◆ Available records
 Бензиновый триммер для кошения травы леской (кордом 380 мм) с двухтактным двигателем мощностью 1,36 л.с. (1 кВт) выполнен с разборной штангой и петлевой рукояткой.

--

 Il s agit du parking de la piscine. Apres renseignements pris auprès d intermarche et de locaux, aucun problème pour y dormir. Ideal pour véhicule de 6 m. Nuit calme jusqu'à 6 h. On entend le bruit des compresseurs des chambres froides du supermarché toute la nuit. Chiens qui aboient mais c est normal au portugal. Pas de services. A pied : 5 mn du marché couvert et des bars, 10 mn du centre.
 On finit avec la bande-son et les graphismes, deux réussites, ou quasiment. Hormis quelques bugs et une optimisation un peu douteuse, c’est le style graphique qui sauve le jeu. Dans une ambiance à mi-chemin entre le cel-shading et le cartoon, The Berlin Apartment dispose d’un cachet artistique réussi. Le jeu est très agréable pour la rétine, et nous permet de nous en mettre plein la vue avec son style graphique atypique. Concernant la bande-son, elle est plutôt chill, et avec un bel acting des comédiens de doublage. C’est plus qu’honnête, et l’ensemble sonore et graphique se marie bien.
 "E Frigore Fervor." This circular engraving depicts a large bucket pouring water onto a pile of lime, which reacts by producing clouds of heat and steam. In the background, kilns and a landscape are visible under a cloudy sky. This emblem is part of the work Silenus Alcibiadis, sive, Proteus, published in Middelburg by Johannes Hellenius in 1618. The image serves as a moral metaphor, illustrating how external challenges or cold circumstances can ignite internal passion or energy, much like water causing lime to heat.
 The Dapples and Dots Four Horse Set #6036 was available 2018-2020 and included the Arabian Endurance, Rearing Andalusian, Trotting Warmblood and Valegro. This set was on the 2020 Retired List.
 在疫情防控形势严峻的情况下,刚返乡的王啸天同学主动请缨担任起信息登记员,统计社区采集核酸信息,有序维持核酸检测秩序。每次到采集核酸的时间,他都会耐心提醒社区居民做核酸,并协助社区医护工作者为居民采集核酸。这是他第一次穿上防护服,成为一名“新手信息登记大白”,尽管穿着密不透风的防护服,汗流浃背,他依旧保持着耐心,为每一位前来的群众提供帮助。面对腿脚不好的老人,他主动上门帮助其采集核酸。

◆ Directions
Read the entries and show each line that mentions "This".

◆ Exercise output
 "E Frigore Fervor." This circular engraving depicts a large bucket pouring water onto a pile of lime, which reacts by producing clouds of heat and steam. In the background, kilns and a landscape are visible under a cloudy sky. This emblem is part of the work Silenus Alcibiadis, sive, Proteus, published in Middelburg by Johannes Hellenius in 1618. The image serves as a moral metaphor, illustrating how external challenges or cold circumstances can ignite internal passion or energy, much like water causing lime to heat.
 The Dapples and Dots Four Horse Set #6036 was available 2018-2020 and included the Arabian Endurance, Rearing Andalusian, Trotting Warmblood and Valegro. This set was on the 2020 Retired List.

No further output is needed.